Капитан Пур свернул на оживленном перекрестке, и они сразу попали в поток машин – в спортивных автомобилях ехали молодые люди в спортивных свитерах; за рулем длинного «бугатти» сидела женщина в белой шубке; открытый «воксхолл» вез двух женщин и двоих мужчин в шлемах; между коленями у них были зажаты кожаные хлысты. Женщины курили сигареты с позолоченными ободками, и, когда «воксхолл» приостановился у «жука», одна, с локоном, будто приклеенным ко лбу, постучала сигаретой, и частички пепла полетели прямо на Линду. Она заморгала, капитан Пур нажал на клаксон, обернулся к Линде и сказал;
– Это Генриетта Кобб. Состояние у нее пятое в городе, но долго оно не продержится. Ее отец все еще верит в железные дороги. Знаете, как про них говорят? Бароны-разбойники.
Девушка посмотрела на Линду так, точно перед ней стояла горничная, подавшая не те замшевые перчатки.
Они обогнали запряженный лошадью фургон, еле скрепленный ржавыми ободьями; в нем сидели шестеро мексиканцев, одетых в рубашки с закатанными выше локтя рукавами и грязными, в складках кожи шеями. Правил фургоном человек в полосатом костюме, с фигурой, похожей на репу, и мексиканцы сидели не лицом, а спиной вперед. С одним Линда встретилась взглядом; он сидел, перевернув вверх дном свою шляпу с кожаной лентой. Посредине улицы прогрохотал красный трамвай; девушка в синей форме, с сумкой из искусственной кожи, на входе продавала билеты; волосы у нее были уложены крупными волнами, и Линда удивилась про себя, как это она умудряется укладывать их утром, чтобы хватило на весь день. На круглом помосте прямо на перекрестке стоял полицейский с зажатым в губах свистком; подняв руки в белых перчатках, он показывал, кому куда поворачивать; солнце сияло на латунных пуговицах его формы и бросало отсвет на мутные от пыли глаза.
– Это главная улица? – спросила Линда.
– Колорадо-стрит. Хороша, правда? Несколько лет назад ее расширили для машин, раздвинули почти на пятнадцать футов.
Линда никогда ничего подобного не видела, хотя в прошлом году читала в «Пчеле» две статьи о росте Сан-Диего: дорожное покрытие положено до самой границы с Мексикой, длинные улицы протянулись и на север, и на юг, лифты возносили людей на двенадцатый этаж. С того времени, когда уехал Эдмунд, Дитер читал ей Гиббона, медленно пробираясь через хитросплетения истории. Сейчас она думала, что так, наверное, должен был выглядеть Рим, залитый желтым послеполуденным солнцем, весь в дорожной пыли, от которой першит в горле, и, наверное, такой же оживленный на главных улицах, где идет бойкая торговля.
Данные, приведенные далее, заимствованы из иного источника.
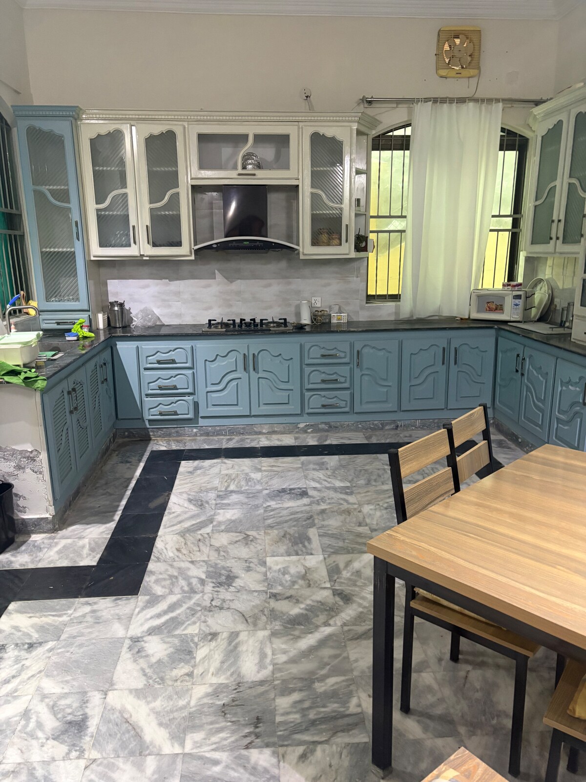 Welcome to Villa 8, a spacious 1-Kanal retreat in the peaceful and secure E-11 sector of Islamabad. Perfect for families and groups, our guesthouse offers stunning Margalla Hills views from the rooftop and a private terrace comfortable 4-seater outdoor table perfect for your morning coffee or evening tea. Relax on our 7-seater sofa with high-speed 100 Mbps WiFi and a large TCL Smart TV in the living room. With an on-site helper for your convenience, Villa 8 is your perfect home away from home.
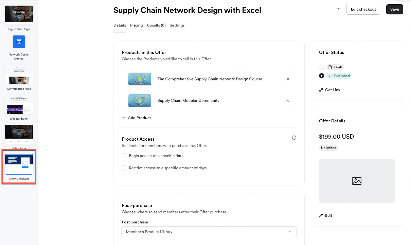 Finally, you’ll see the Offer Checkout at the end of your funnel. When you click on this, you’ll be able to configure the pricing, product access, and post-purchase flow. You can also customize your checkout page design here.
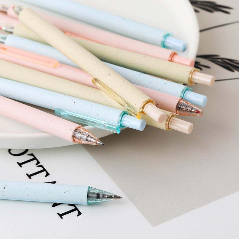 Stylo bille en paille de blé ABS, action facile par pression, pointe balle 1,0 mm, encre noire, écriture supérieure, couleur macaron
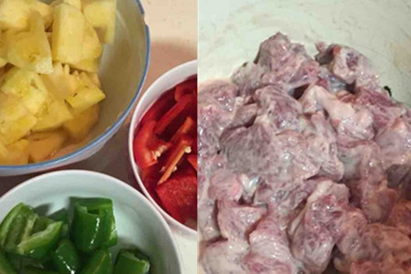 二、先把肉和菠萝都改刀成拇指指头肚大小的块状,青红椒切成大小一致的片状。

Плакат на привокзальной платформе сообщал, что Пасадена – третий по величине город в Калифорнии, но он висел уже давно, несколько лет. Пасадена казалась Линде роскошной, однако ее лучшие дни были уже позади, хотя об этом, кажется, еще никто не задумывался.
А Линде было на что смотреть: в стеклянные двери магазинов входили и выходили люди; мальчишка-газетчик, стоя перед коричневым зданием электроэнергетической компании, продавал свежий выпуск «Стар ньюс»; женщины без чулок выходили из бакалеи с покупками, завернутыми в оранжево-розовую бумагу. Через окно типографии Линда видела мужчин в тяжелых фартуках, с руками, перепачканными чернилами. Из трубы пекарни поднимался дымок, и разносился запах дрожжевого хлеба. Перед дверью товарной биржи стоял фургон, из которого мальчик в кепке разгружал заказы – мясо на ребрах и стейки. Мужчина, стоя на лестнице, писал на стеклянной витрине магазина скобяных товаров: «10 % скидки на все!» Линда отметила батарею бутылочек и склянок в витрине аптеки: таблетки от болей в печени производства Лидии Пинкхем, таблетки из мандрагоры, сделанные по рецепту доктора Шенка, лекарство от болезней почек и мочевого пузыря, сделанные компаний «Фоли», горные соли, слабительные таблетки фирмы «Шарп и Доум», сладкие пилюли доктора Пирса, а на столике с мраморной крышкой – целая пирамида гипофосфитных сиропов Скотта. Вывеска на торце кирпичного здания гласила: «Оглянитесь! Не пропустите выгоднейшие возможности "Бродвей бразерс", Колорадо-стрит, 268–278».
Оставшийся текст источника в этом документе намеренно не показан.